◆ Brief: Images should not appear in the copy, yet every line of the listing below must be printed exactly.

◆ Dataset section:

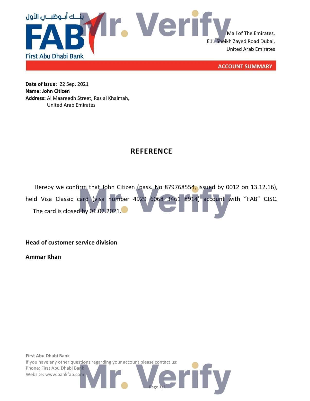 Download UAE FAB Bank Reference Letter Templates | Editable Word
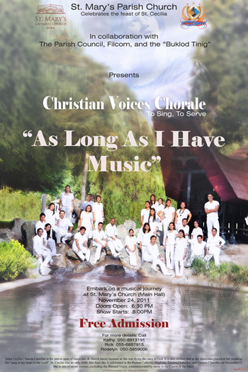 On 24 November 2011, the Christian Voices Chorale celebrated the feast of St. Cecilia, the Patron Saint of Music with the concert “As Long As I Have Music”.
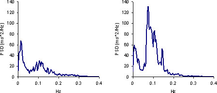 Group mean HRV power spectra calculated from 10-minute ECGs recorded before subjects completed the battery of cognitive performance tasks. The left-hand graph shows the mean HRV power spectrum before subjects were trained in the HeartMath coherence-building techniques, while the right-hand graph shows the mean power spectrum after they learned and practiced the techniques for seven weeks. Note the increase in power around the 0.1 Hz frequency range, indicating a pronounced increase in heart rhythm coherence. This shift is particularly notable because subjects were not specifically instructed to use the techniques during the post-recording.

◆ Task answer:
 Download UAE FAB Bank Reference Letter Templates | Editable Word
 On 24 November 2011, the Christian Voices Chorale celebrated the feast of St. Cecilia, the Patron Saint of Music with the concert “As Long As I Have Music”.
 Group mean HRV power spectra calculated from 10-minute ECGs recorded before subjects completed the battery of cognitive performance tasks. The left-hand graph shows the mean HRV power spectrum before subjects were trained in the HeartMath coherence-building techniques, while the right-hand graph shows the mean power spectrum after they learned and practiced the techniques for seven weeks. Note the increase in power around the 0.1 Hz frequency range, indicating a pronounced increase in heart rhythm coherence. This shift is particularly notable because subjects were not specifically instructed to use the techniques during the post-recording.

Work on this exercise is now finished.